Are you being served?

When I was a boy, I never missed an episode of The Twilight Zone. In one episode, aliens from an advanced civilization came to earth to offer up an earthly paradise where there was no hunger, no war, no strife, no lack of any kind; think John’s Lennon’s “Imagine”. All you had to do was catch the next ride to Planet X! The thoughtful aliens had even given a book to their main human contact (let’s call him Bob) explaining how this cosmic nirvana worked. It was entitled To Serve Man and was written in the alien language. Bob’s love interest (let’s call her Carol) busied herself translating the book while Bob set up mass deportations to Planet X for folks seeking a better life. Indeed, Carol had decoded the title page, and it did, in fact, read To Serve Man. But by the end of the episode, as Bob was boarding the spacecraft, Carol came rushing up to the passenger barrier and screamed to Bob that she had finished translating the book. Bob was unconcerned until Carol screamed To Serve Man … it’s a cookbook!!

And so, when you are offered a financial product ask yourself “who is on the menu?”, the bevy of available products, or you?

One way of sorting through this is to understand the several delivery systems you may encounter and to know to which of these delivery systems your agent or broker belongs.

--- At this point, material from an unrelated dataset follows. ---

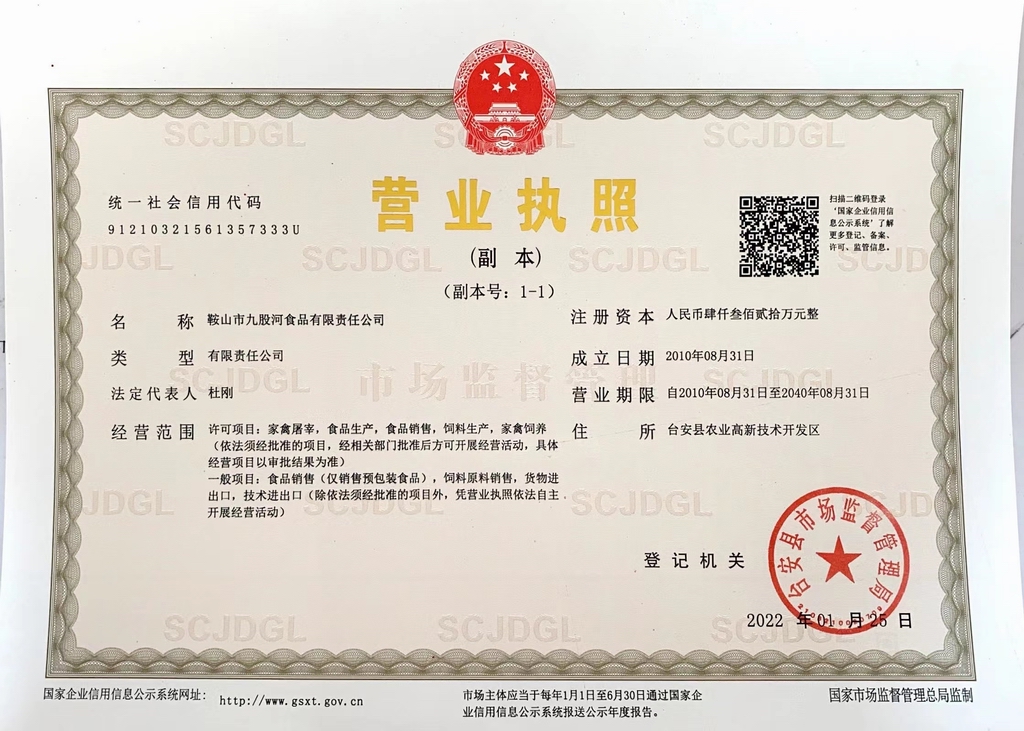 1997年丨九股河誕生于遼寧臺安,成立臺安縣九股河農(nóng)業(yè)發(fā)展有限公司2003年丨九股河走進錦州市,在凌海成立凌海九股河食品有限公司2008年丨成立凌海九股河飼料有限公司2010年丨九股河與禾豐合作后,成立鞍山市九股河食品有限責任公司,從此,禾豐九股河走進了高速發(fā)展之路2011年丨繼續(xù)在遼西闊步,成立葫蘆島九股河食品有限公司同年,臺安縣九股河農(nóng)業(yè)發(fā)展有限公司養(yǎng)殖部成立,按下規(guī)模化籠養(yǎng)小區(qū)建設(shè)的快進鍵2
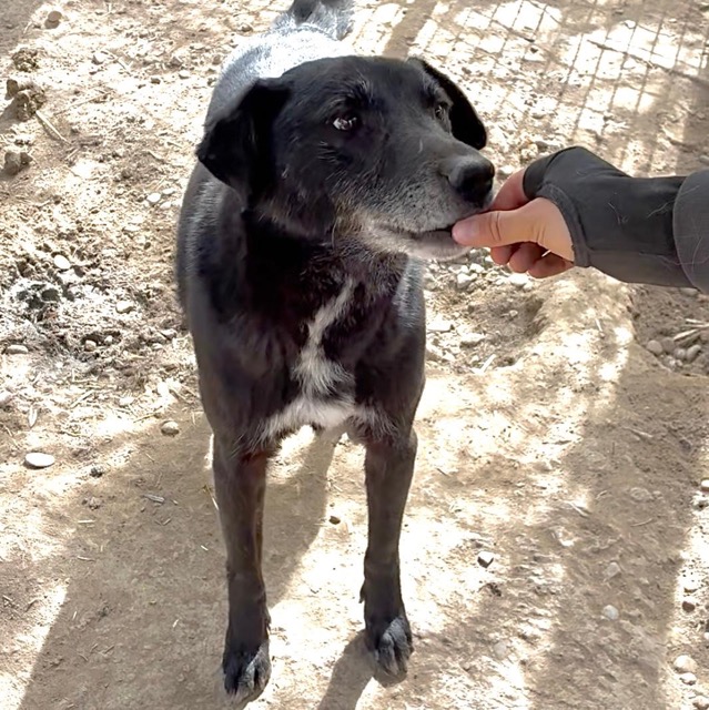 ASTOR kam sofort aus der Hütte und nahm Leckerlie aus der Hand. Er ist aufgeschlossen und neugierig.

There are four delivery/distribution systems in the retail financial sector. Over my extensive career, I have operated in three of them. Here they are:

1. Direct Response System

Some companies advertise for customers to contact them directly without going through an insurance office (intermediary). This may be done by having them fill out an application online or it may be done by having customers call a phone number to be connected to a salaried, licensed, employed agent who works for his/her employer and not you.

Are your interests being served in this system? Obviously not. You are simply ordering blindly off an extensive menu and engaging in a commoditized transaction. This system is usually accessed when buying term life insurance. The client has already decided what they want, has perhaps reviewed a few rates, and then calls to place an order through an employee who could care less about the appropriateness of the product chosen since they are simply taking an order and will never talk to you again. It is the most rudimentary method of accessing the financial services industry. We at Slingshot Capital Solutions have never operated in this manner.

2. Captive Managerial Agency System

This system is when the agent/broker producer is an employee of the insurer, the company. The producer will be paid a salary usually in the form of a “training allowance” and or enhanced commissions or bonuses. This model allows for a large amount of financial stability for the agent/broker, but they are entirely dependent on the “good will” of their employer as they can be fired at any time particularly if they fail to meet certain imposed sales quotas.

Most importantly for the consumer, these people are compromised from the get-go and are necessarily in a position where they will first seek to please their company and then spend more effort convincing customers that their specific company’s products are best form them. They must do business with their company only and are contractually forbidden from doing business with another carrier.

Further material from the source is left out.